SOURCE MATERIAL -
[Start of section]
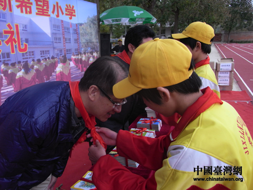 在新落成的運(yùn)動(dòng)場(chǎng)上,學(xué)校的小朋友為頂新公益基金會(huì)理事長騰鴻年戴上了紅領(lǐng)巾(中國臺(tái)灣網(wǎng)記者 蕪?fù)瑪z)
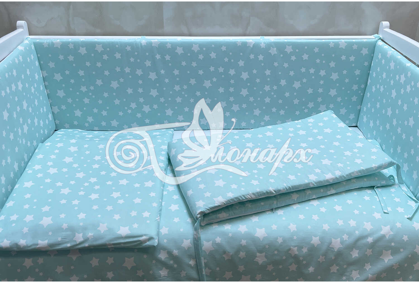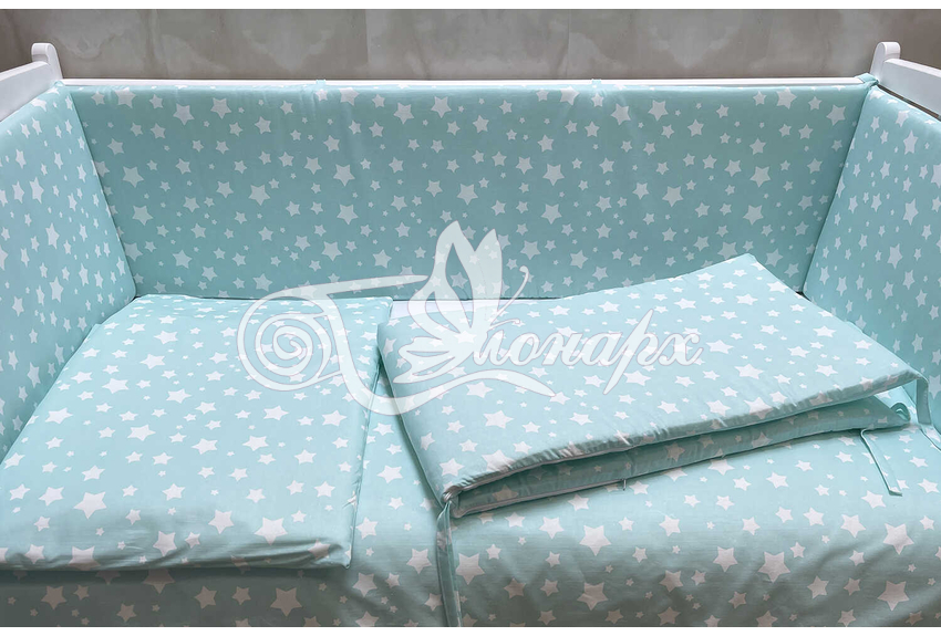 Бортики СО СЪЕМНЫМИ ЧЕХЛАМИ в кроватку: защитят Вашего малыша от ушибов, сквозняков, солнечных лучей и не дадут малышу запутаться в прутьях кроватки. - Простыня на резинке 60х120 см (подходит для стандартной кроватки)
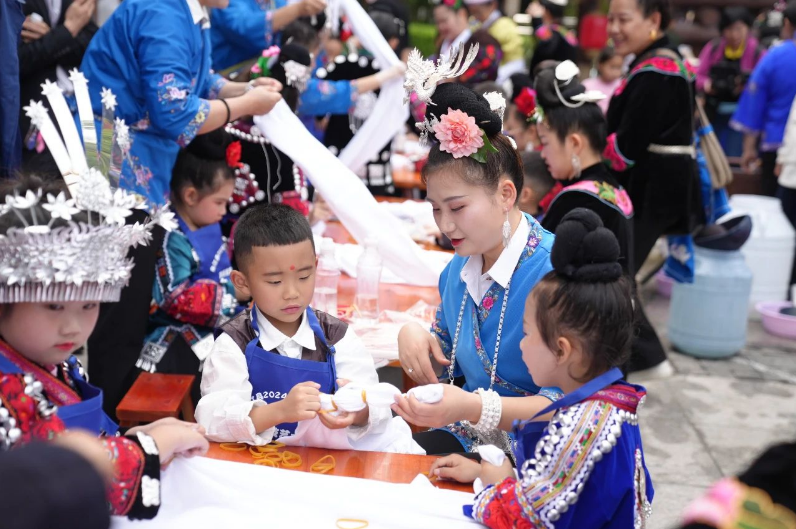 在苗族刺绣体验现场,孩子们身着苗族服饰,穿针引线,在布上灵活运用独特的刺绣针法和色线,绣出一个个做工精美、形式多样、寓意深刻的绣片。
[End of section]
ACTIVITY -
What you return should be all of the material above, exactly, and none of its pictures.

TASK OUTPUT -
 在新落成的運(yùn)動(dòng)場(chǎng)上,學(xué)校的小朋友為頂新公益基金會(huì)理事長騰鴻年戴上了紅領(lǐng)巾(中國臺(tái)灣網(wǎng)記者 蕪?fù)瑪z)
 Бортики СО СЪЕМНЫМИ ЧЕХЛАМИ в кроватку: защитят Вашего малыша от ушибов, сквозняков, солнечных лучей и не дадут малышу запутаться в прутьях кроватки. - Простыня на резинке 60х120 см (подходит для стандартной кроватки)
 在苗族刺绣体验现场,孩子们身着苗族服饰,穿针引线,在布上灵活运用独特的刺绣针法和色线,绣出一个个做工精美、形式多样、寓意深刻的绣片。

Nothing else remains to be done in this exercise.